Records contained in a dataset
▬▬▬
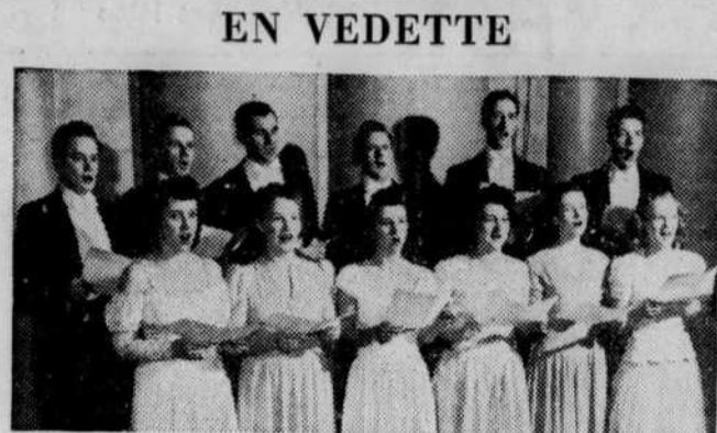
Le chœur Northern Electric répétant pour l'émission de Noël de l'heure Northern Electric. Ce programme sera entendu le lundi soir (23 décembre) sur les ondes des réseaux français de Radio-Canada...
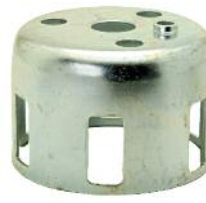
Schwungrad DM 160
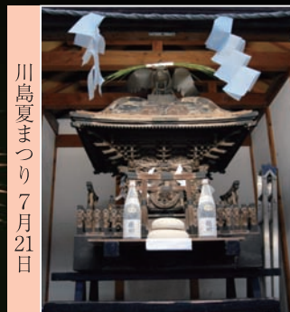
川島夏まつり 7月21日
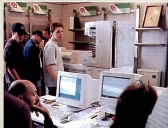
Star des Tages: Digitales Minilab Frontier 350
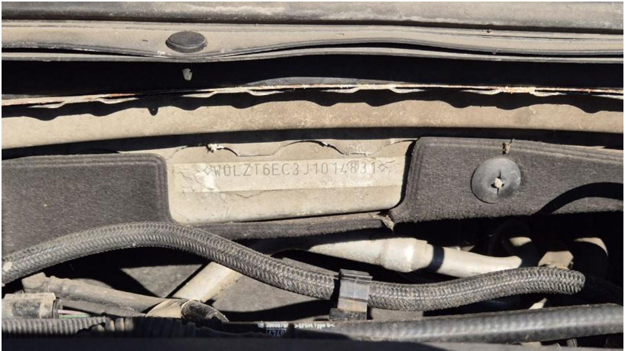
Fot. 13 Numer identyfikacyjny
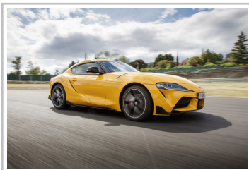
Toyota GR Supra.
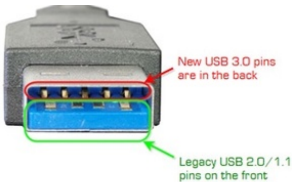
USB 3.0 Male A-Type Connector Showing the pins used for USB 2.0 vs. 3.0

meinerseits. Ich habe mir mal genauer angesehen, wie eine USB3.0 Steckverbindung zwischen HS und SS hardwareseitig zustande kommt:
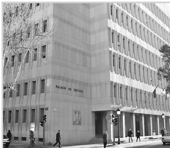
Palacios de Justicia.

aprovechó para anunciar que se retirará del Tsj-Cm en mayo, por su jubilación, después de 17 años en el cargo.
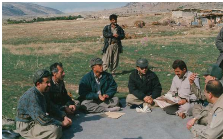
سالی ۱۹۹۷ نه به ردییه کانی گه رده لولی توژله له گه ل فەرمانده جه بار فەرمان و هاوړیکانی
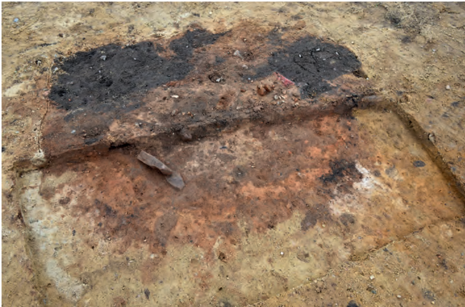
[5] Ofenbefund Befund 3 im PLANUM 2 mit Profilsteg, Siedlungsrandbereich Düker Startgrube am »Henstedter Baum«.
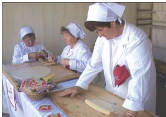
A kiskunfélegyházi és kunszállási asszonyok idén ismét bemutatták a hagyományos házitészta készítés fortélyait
▬▬▬
▶ What you are asked to do
Beginning with the line that contains "[5] Ofenbefund Befund", output every line down to the last line of the entries above exactly as written, apart from the pictures.

▶ Your response
[5] Ofenbefund Befund 3 im PLANUM 2 mit Profilsteg, Siedlungsrandbereich Düker Startgrube am »Henstedter Baum«.
A kiskunfélegyházi és kunszállási asszonyok idén ismét bemutatták a hagyományos házitészta készítés fortélyait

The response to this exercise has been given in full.